November ~ 2k1
Brought to you in pieces and parts by the Coconut Joe Publishing Co.
Madame Deevine doesn’t usually share this with people, but way back in the 1950s she attended a boarding school in New England much like the one on the 1980s situation comedy “The Facts of Life.” What is so eerily similar between the show and her real life is that Madame Deevine had a classmate named Tootie. But Tootie wasn’t the girl’s real name; it was just a nickname. She wasn’t African-American, either. She was from the Catskills. She had very bad teeth and a real flatulence problem. But that’s neither here nor there.
Here are this month’s observations… and there’s time for more boarding school stories later.
Aries (March
21-April 19) Take a day to pay tribute to all those who have proudly
served our country. During a road trip, try to keep your time spent in rest-stop
bathrooms to a minimum. Take out the garbage on appointed day of the week.
Taurus (April
20-May 20) Negotiations with the devil break down because you’re too
far apart on the asking price for your soul -
but Microsoft and AOL Time Warner remain interested. There is a problem with
your mail subscription to the “Flour of the Month” club.
Gemini (May
21-June 21) From the moral high ground, you look down and see all of your
pals are having a heckuva lot more fun than you are. Curl up for a nice nap
after an unusually large meal on a rare weekday off -
and then receive a major guilt trip because you apparently were supposed to help
with the dishes.
Cancer (June
22-July 22) Interact with only those Libras that you know, and just pray
that you don’t have to come into contact with any other Libras out there. Help
spread the word around the office that an important part of the “new
normalcy” is wearing high-cut miniskirts and low-cut blouses.
Leo (July
23-Aug. 22) Walk around with a huge chip on your shoulder because I’m
skipping you this month. Nyah-nyah nyah-nyah-nyah!
Virgo (Aug.
23-Sept. 22) Asian ladybugs are a real nuisance in your home. Bad things
start happening in fours instead of threes. It’s time to refill the stapler.
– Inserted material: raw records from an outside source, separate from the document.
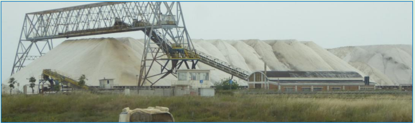
Salt, salt, salt - det er ikke til at forstå, at det på et senere tidspunkt lander rent og kridhvidt på køkkenbordet.

Trani, som skulle være seværdigt, har heller ingen campingplads. Den finder vi så ved den lille badeby Bisceglie . Koordinaterne til den opgivne ACSI-adresse er forkerte, vi krydser lidt hvileløst frem og tilbage i ingenmandsland. Til sidst får vi øje på en ældre herre i vejkanthen, der fægter vildt med armene og gør tydeligt, hvordan vi når frem til campingpladsen. Som er et sympatisk stykke indhegning med gamle oliventræer og derfor også hedder "degli ulivi", og hvor vi får en venlig velkomst. Her er hyggeligt at være. Vejret er imidlertid – og har været det hele dagen – noget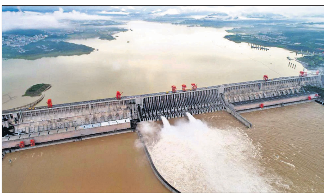
ମିଟର ଏବଂ ଲମ୍ବା ୨.୩୩ କିଲୋମିଟର ହେବା ବୋଲି କୁହାଯାଇଛି। ଚାଇନା ବ୍ରହ୍ମପୁତ୍ର ନଦୀ ଉପରେ ପୂର୍ବରୁ ୧୧ଟି ବନ୍ଧ ନିର୍ମାଣ କରିସାରିଛି। ସେଥି ମଧ୍ୟରେ

ବ୍ରହ୍ମପୁତ୍ର ନଦୀ ଉପରେ ଚାଇନା ବିଶାଳକାୟ ନଦୀବନ୍ଧ ନିର୍ମାଣ କରିବାକୁ ଯାଉଛି। ଏସମ୍ପର୍କରେ ଚାଇନାର ସରକାରୀ ଖବର କାଗଜ ଗ୍ଲୋବାଲ ଟାଇମ୍‌ସ୍‌ରେ ଏକ ରିପୋର୍ଟ ପ୍ରକାଶ ପାଇଛି। ଲଦାଖରେ ଭାରତ ଚାଇନା ମଧ୍ୟରେ ଉତ୍ତେଜନା ଲାଗି ରହିଛି। ଏପରିସ୍ଥିତିରେ ଚାଇନା ଅରୁଣାଚଳ ପ୍ରଦେଶ ନିକଟରେ ବ୍ରହ୍ମପୁତ୍ର ନଦୀର ନିମ୍ନ ଅବସ୍ଥିତିରେ ନଦୀବନ୍ଧ କରିବାକୁ ଉଦ୍ଦେଶ୍ୟ ରଖିଥିବା ଗ୍ଲୋବାଲ ଟାଇମ୍‌ସ୍‌ରେ ଉଲ୍ଲେଖ କରାଯାଇଛି। ଏନେଇ ଚାଇନାର କମ୍ୟୁନିଷ୍ଟ ସରକାରଙ୍କ ପକ୍ଷରୁ ୧୪ ଡିସେମ୍ବର ପ୍ରକାଶିତ ଯୋଜନା ଅନୁସାରେ ଏହି ଯୋଜନା କରାଯାଇଛି। ଏହି ପରିସ୍ଥିତିରେ ଚାଇନା ପକ୍ଷରୁ କୌଣସି ବଜେଟ୍ ଜାରି କରାଯାଇ ନାହିଁ। ତେବେ ଏହାକୁ ନେଇ ଭାରତ ସହିତ ଚାଇନାର ବିବାଦ ଅଧିକ ବଢ଼ିବାର ଆଶଙ୍କା ରହିଛି। ଏହାର ଉଚ୍ଚତା ୧୮୧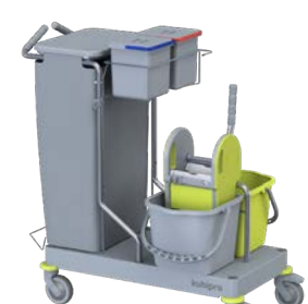
KUBI 6 PRO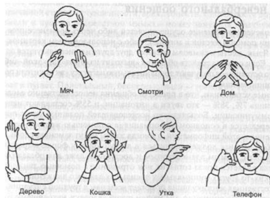
Рис. 22. Примеры простых жестов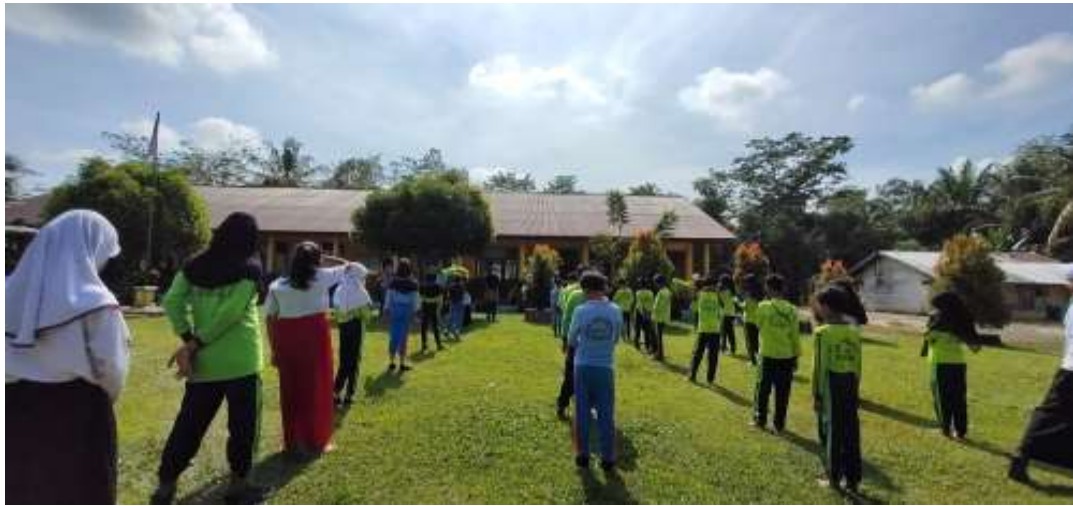
Gambar 1.3 Kegiatan Jumat Bersih dan Sehat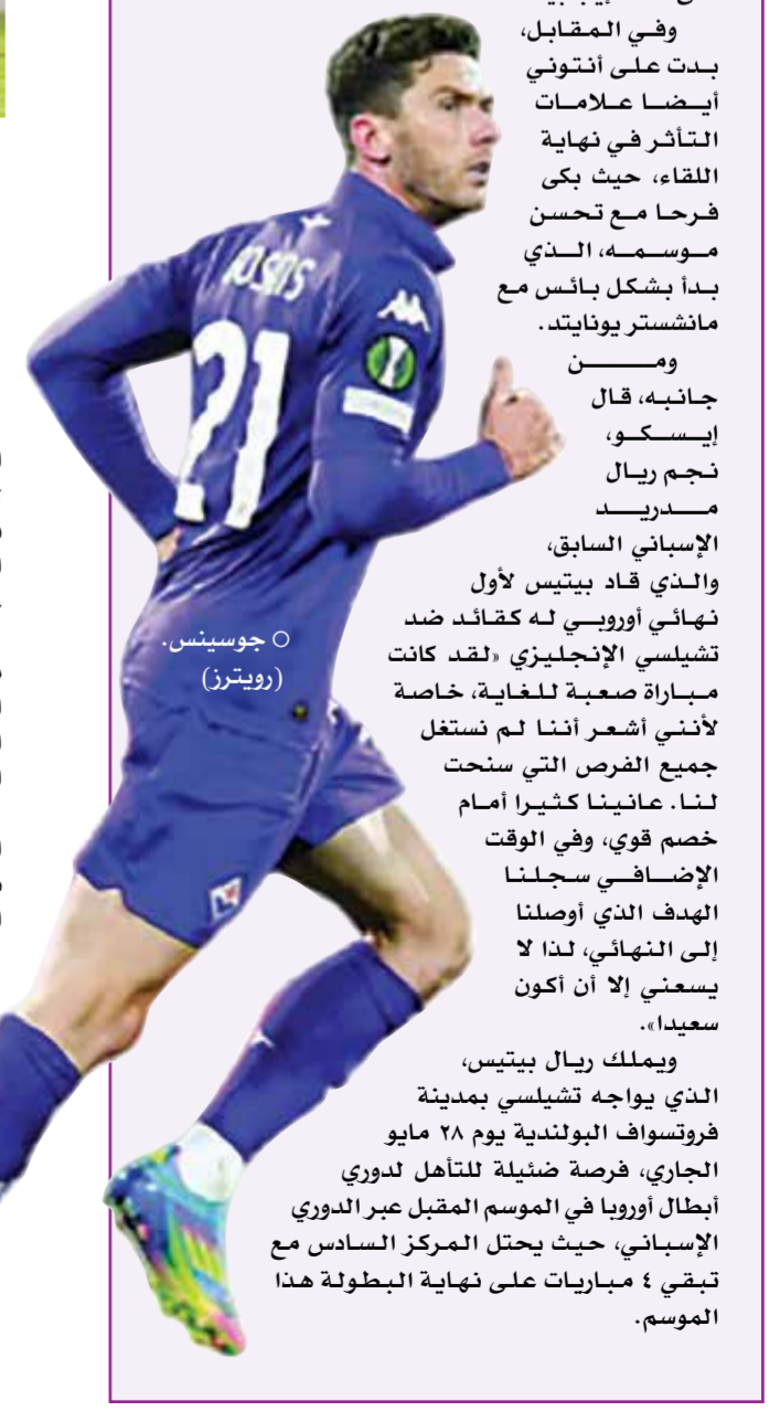
○ جوسينس (رويتزر)

ويملك ريال بيتيس، الذي يواجه تشيلسي بمدينة فروتسوفا البولندية يوم ٢٨ مايو الجاري، فرصة ضئيلة للتأهل لدوري أبطال أوروبا في الموسم المقبل عبر الدوري الإسباني، حيث يحتل المركز السادس مع باقي ٤ مباريات على نهاية البطولة هذا الموسم.

Server arrives to take your order before you’ve reviewed all of your menu
options.
Libra (Sept.
23-Oct. 23) Spouse doesn’t appreciate being referred to as “the old
battleax” when you’re talking to friends on the phone. Campaign signs seem
to linger in neighboring yards well past Election Day.
Scorpio (Oct.
24-Nov. 21) Friends plan a surprise party for you. Replicate (with
stunning success) grade-school experiment in which you put a celery stalk
upright in a glass of water with some food-coloring and watch the leaves
eventually turn that color.
Sagittarius
(Nov. 22-Dec. 21) You’re already thinking Christmassy thoughts.
Acquaintances ask you to help out with their children’s fund-raisers. Have you
checked the filter bag on your vacuum cleaner lately?
Capricorn (Dec.
22-Jan. 19) Stop biting your fingernails.
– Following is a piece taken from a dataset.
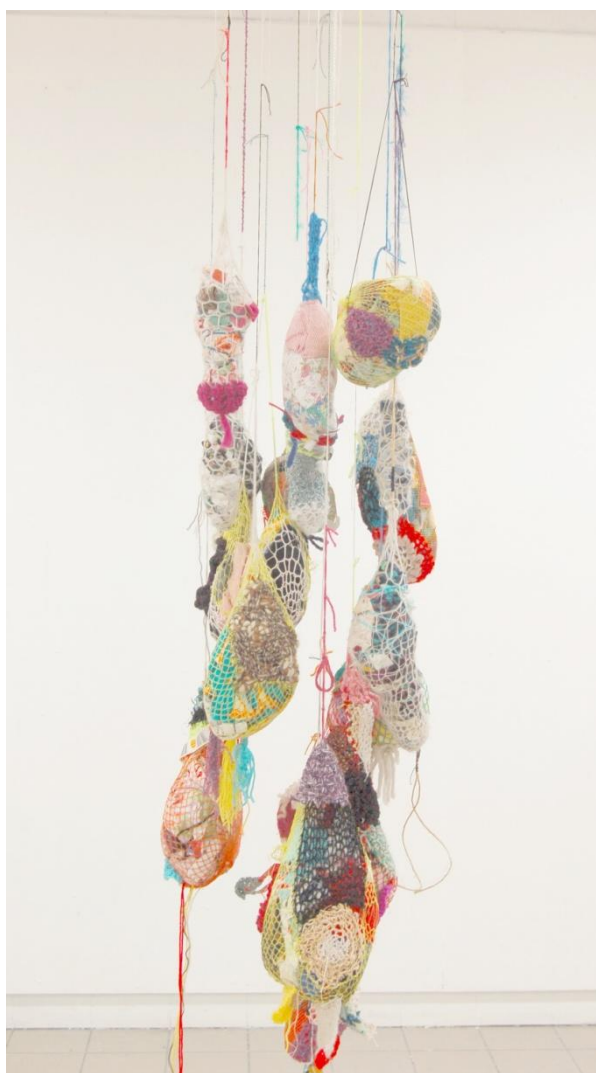
Sans titre , 2016, techniques mixtes, dimensions variées.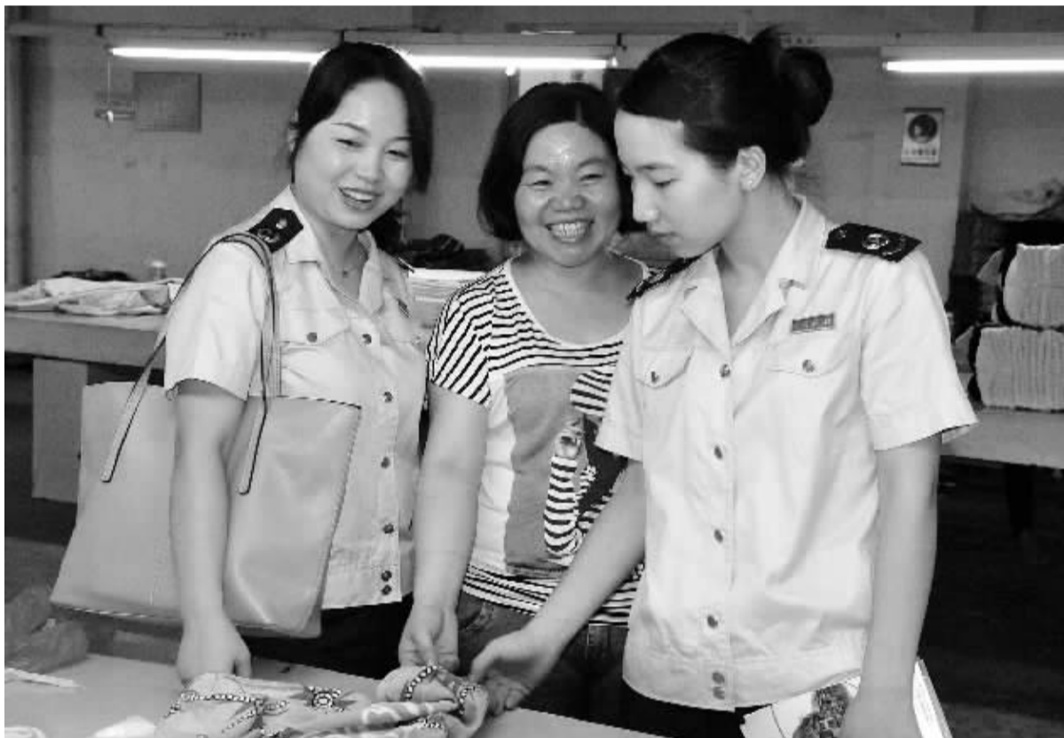
湖南华容县积极鼓励企业创业吸纳下岗失业人员再就业,上半年新增创业项目14个,带动就业近万人,其中850名下岗人员实现再就业。图为华容县国税服务小分队“点对点”了解企业生产销售情况,帮助落实安置下岗失业人员税收优惠政策。

Crosswalks are your public forum to test whether the general public is
ready for a resurgence of streaking. Practice the drug discussion on your child
so you can be ready for the real thing when his or her teddy bear gets back from
a late night of partying.
Aquarius (Jan.
20-Feb. 16) Whenever somebody mentions a movie they liked, say “Yeah,
that was OK, but `Mother Jugs and Speed’ was better.” Capillaries and
epidermis seem to be functioning properly. CD club invites you to rejoin.
Must… resist… the temptation.
Pisces (Feb. 19-March 20) Try to avoid swearing when youngsters are around. Take a well-deserved break from mowing the lawn. Your communication with spirits comes to an abrupt end when the booze runs out.